### [Description of the task]
Transcribe the whole listing below. Pictures do not go in the copy.

### [Supplied material]
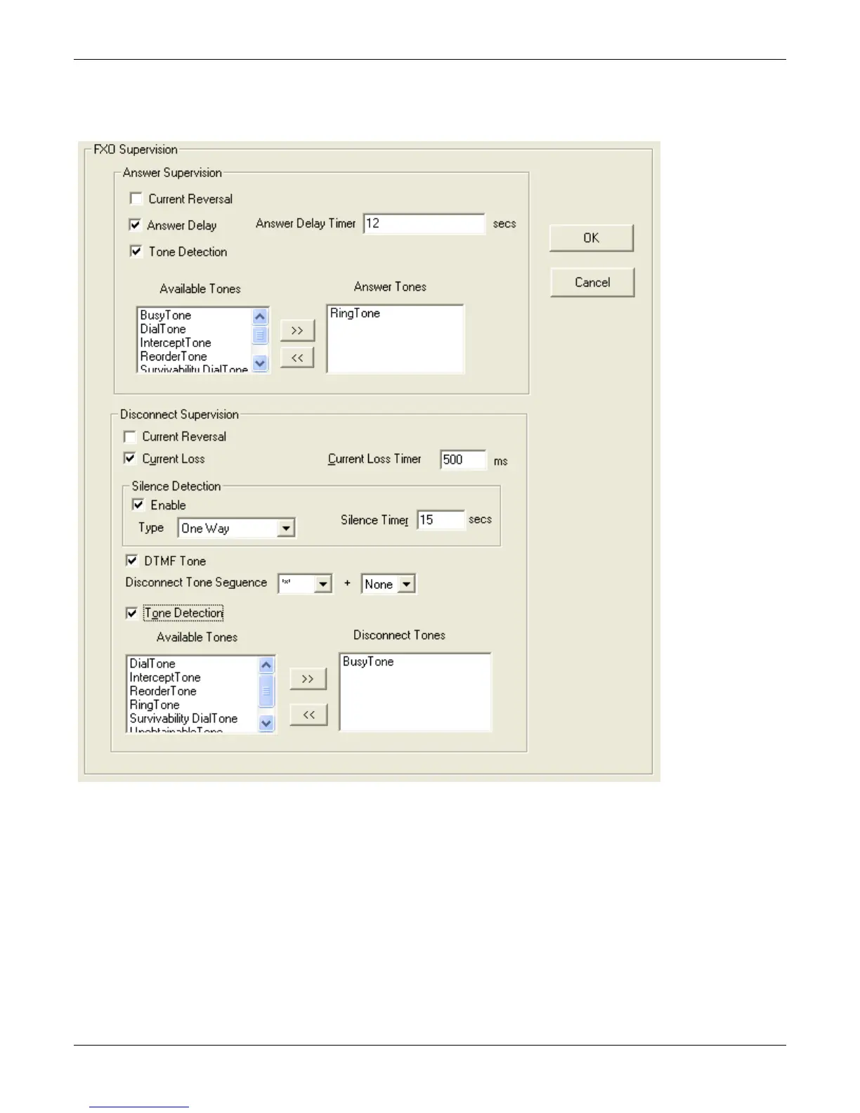 The table that follows describes the settings for FXO Supervision.
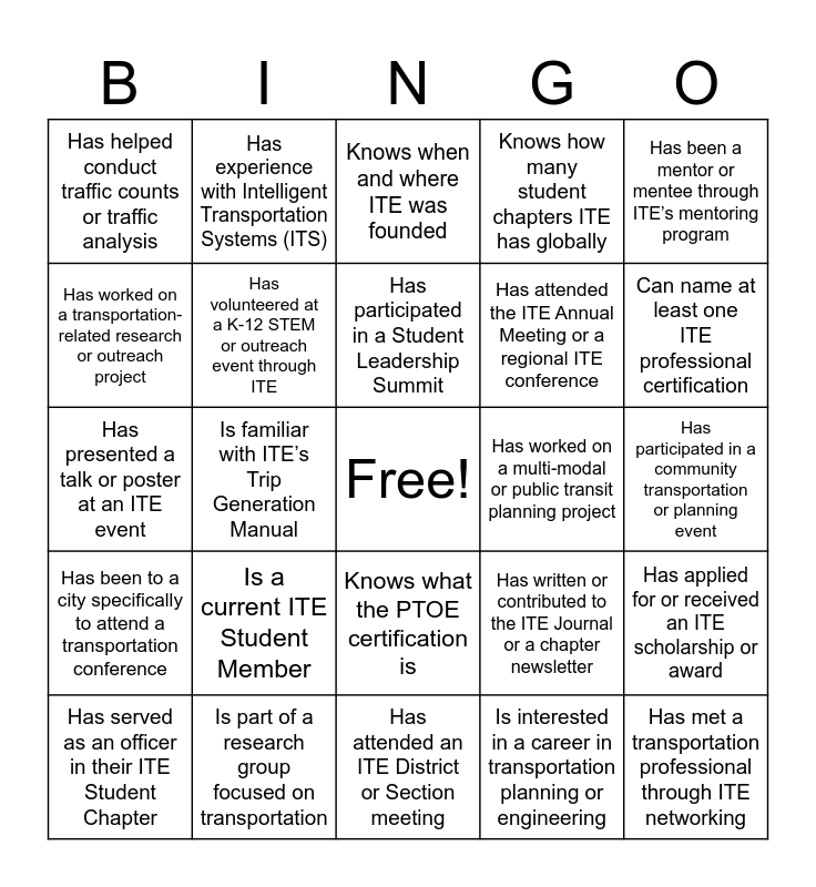 This bingo card has a free space and 25 words: Is a current ITE Student Member, Has attended an ITE District or Section meeting, Has participated in a Student Leadership Summit, Has served as an officer in their ITE Student Chapter, Has been a mentor or mentee through ITE’s mentoring program, Has helped conduct traffic counts or traffic analysis, Has worked on a transportation-related research or outreach project, Has experience with Intelligent Transportation Systems (ITS), Has worked on a multi-modal or public transit planning project, Knows what the PTOE certification is, Has attended the ITE Annual Meeting or a regional ITE conference, Has presented a talk or poster at an ITE event, Has written or contributed to the ITE Journal or a chapter newsletter, Has applied for or received an ITE scholarship or award, Has volunteered at a K-12 STEM or outreach event through ITE, Has organized or attended an ITE social event (e.g., trivia, BBQ), Has participated in a community transportation or planning event, Knows when and where ITE was founded, Can name at least one ITE professional certification, Is familiar with ITE’s Trip Generation Manual, Has met a transportation professional through ITE networking, Is part of a research group focused on transportation, Has been to a city specifically to attend a transportation conference, Knows how many student chapters ITE has globally and Is interested in a career in transportation planning or engineering.
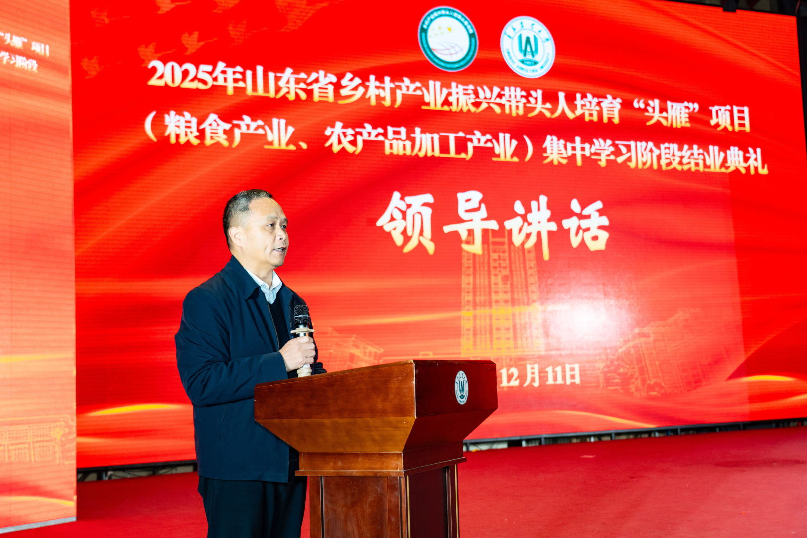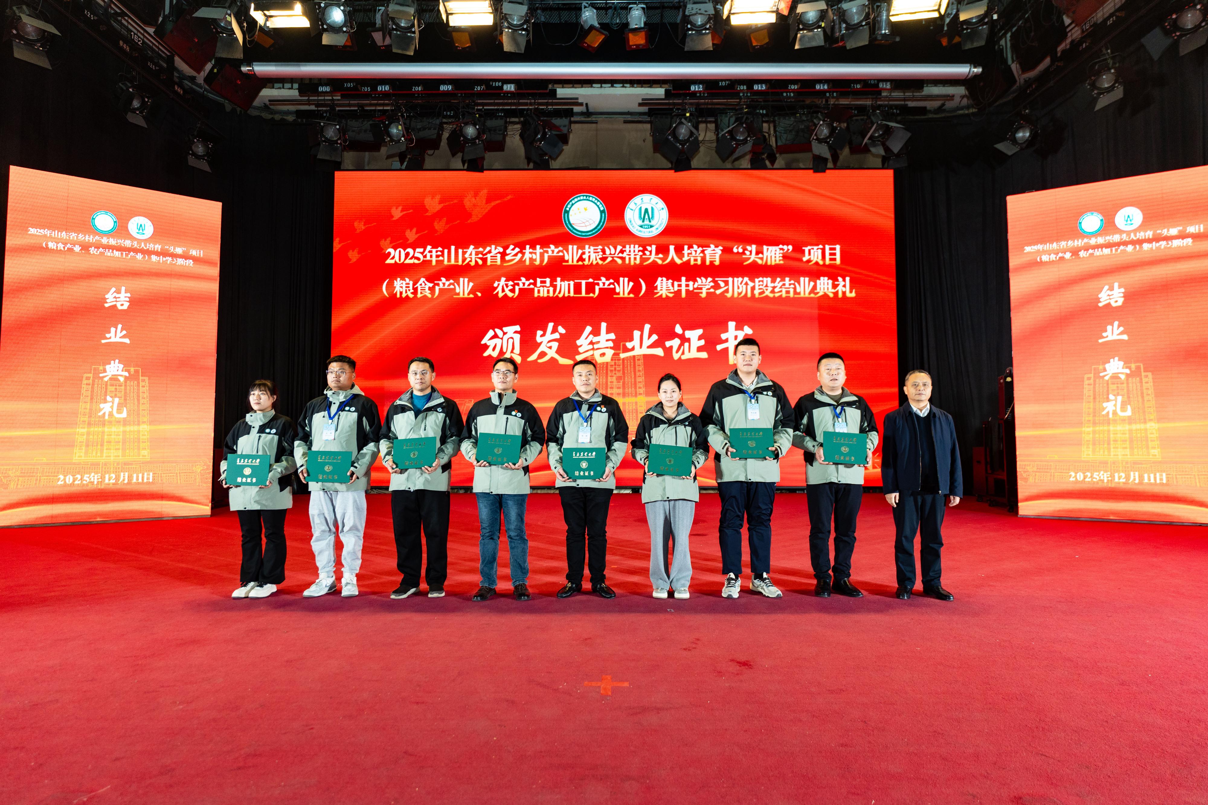 12月11日晚,由bw必威西汉姆联官方网站承办的2025年山东省乡村产业振兴带头人培育“头雁”项目(粮食产业、农产品加工产业),经过一个月集中学习,圆满完成所有科目的培训任务,顺利结业。bw必威西汉姆联官方网站党委委员、副董事长郭尚敬出席结业典礼,至此,又一批乡村产业振兴“领头雁”在青岛农大的精心培育下,羽翼渐丰,即将飞向齐鲁大地的广阔田野,引领产业振兴新篇章。
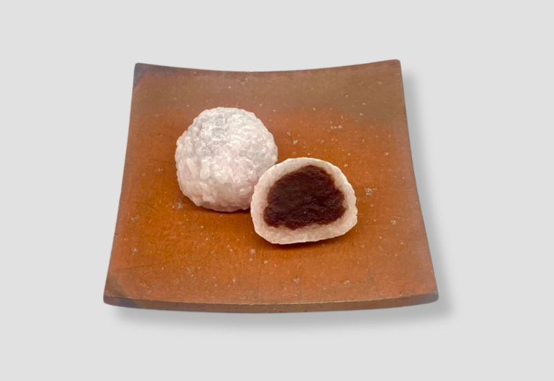 ふっくら炊き上げた赤えんどうをたっぷりと加えた滋賀羽二重糯で自家製粒あんを丁寧に包みました。

### [Task response]
 The table that follows describes the settings for FXO Supervision.
 This bingo card has a free space and 25 words: Is a current ITE Student Member, Has attended an ITE District or Section meeting, Has participated in a Student Leadership Summit, Has served as an officer in their ITE Student Chapter, Has been a mentor or mentee through ITE’s mentoring program, Has helped conduct traffic counts or traffic analysis, Has worked on a transportation-related research or outreach project, Has experience with Intelligent Transportation Systems (ITS), Has worked on a multi-modal or public transit planning project, Knows what the PTOE certification is, Has attended the ITE Annual Meeting or a regional ITE conference, Has presented a talk or poster at an ITE event, Has written or contributed to the ITE Journal or a chapter newsletter, Has applied for or received an ITE scholarship or award, Has volunteered at a K-12 STEM or outreach event through ITE, Has organized or attended an ITE social event (e.g., trivia, BBQ), Has participated in a community transportation or planning event, Knows when and where ITE was founded, Can name at least one ITE professional certification, Is familiar with ITE’s Trip Generation Manual, Has met a transportation professional through ITE networking, Is part of a research group focused on transportation, Has been to a city specifically to attend a transportation conference, Knows how many student chapters ITE has globally and Is interested in a career in transportation planning or engineering.
 12月11日晚,由bw必威西汉姆联官方网站承办的2025年山东省乡村产业振兴带头人培育“头雁”项目(粮食产业、农产品加工产业),经过一个月集中学习,圆满完成所有科目的培训任务,顺利结业。bw必威西汉姆联官方网站党委委员、副董事长郭尚敬出席结业典礼,至此,又一批乡村产业振兴“领头雁”在青岛农大的精心培育下,羽翼渐丰,即将飞向齐鲁大地的广阔田野,引领产业振兴新篇章。
 ふっくら炊き上げた赤えんどうをたっぷりと加えた滋賀羽二重糯で自家製粒あんを丁寧に包みました。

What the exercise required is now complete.